Please format your code. This is completely unreadable. The Playground contains the same thing, too – I hope you are not actually writing code without any indentation. (A good start would be to press Tools > Rustfmt in the Playground.)

I cleaned up the code significantly (removed useless collects, an useless unsafe, etc.), but there still is a lot of room for improvement (e.g. everything is unwrap()ped, there is no proper error handling).

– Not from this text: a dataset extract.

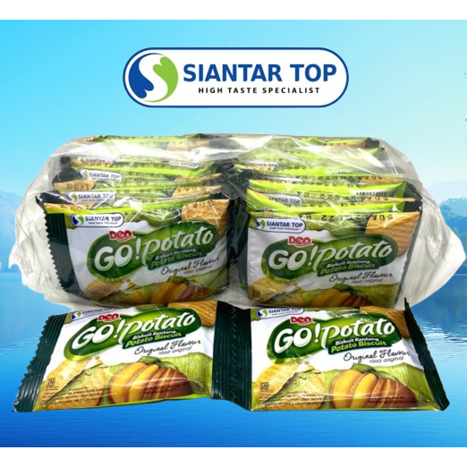Go Potato adalah biskuit kentang yang terbuat dari kentang asli tanpa digoreng. Biskuit ini memiliki rasa gurih dan tekstur renyah. Go Potato cocok untuk dijadikan camilan ringan atau teman minum teh atau kopi.

I don't know if this works, since your code is not self-contained – there are quite a few type/function definitions missing, so it didn't even compile in the first place.

1 Like

I'm sorry, but I'm a blind user and my code is only formatted so that
there are no spaces at the beginning so that I don't have to go around
it further, error handling will be done when I manage to optimize it
and my code should compile but not on the playground because there
they don't carry all crates

2022-12-07 16:31 GMT+01:00, H2CO3 via The Rust Programming Language
Forum notifications@rust-lang.discoursemail.com:

1 Like

i am edited your code to the point where i was able to understand it
just to be able to compile and also formatted so non blind people
would check this easier

No, I am sorry, I didn't know you were blind. Completely understandable in this case.

that's fine, because according to the rules I should do it and give
you a formatted k´d, which I also format with these settings:
unstable_features = true
brace_style= "PreferSameLine"
edition = "2021"
imports_granularity = "One"
tab_spaces = 0
trailing_comma = "Never"
but I would like to ask now that the code can be compiled, do you
think it was possible to speed up the processing somehow? because I
also used itertools before, but it seems that it is slower even though
there is no collect

2022-12-07 17:28 GMT+01:00, H2CO3 via The Rust Programming Language
Forum notifications@rust-lang.discoursemail.com:

Are you measuring/running in release (optimized) mode?

yes release build latest rus and 2021 edition

2022-12-07 19:08 GMT+01:00, H2CO3 via The Rust Programming Language
Forum notifications@rust-lang.discoursemail.com:

This topic was automatically closed 90 days after the last reply. We invite you to open a new topic if you have further questions or comments.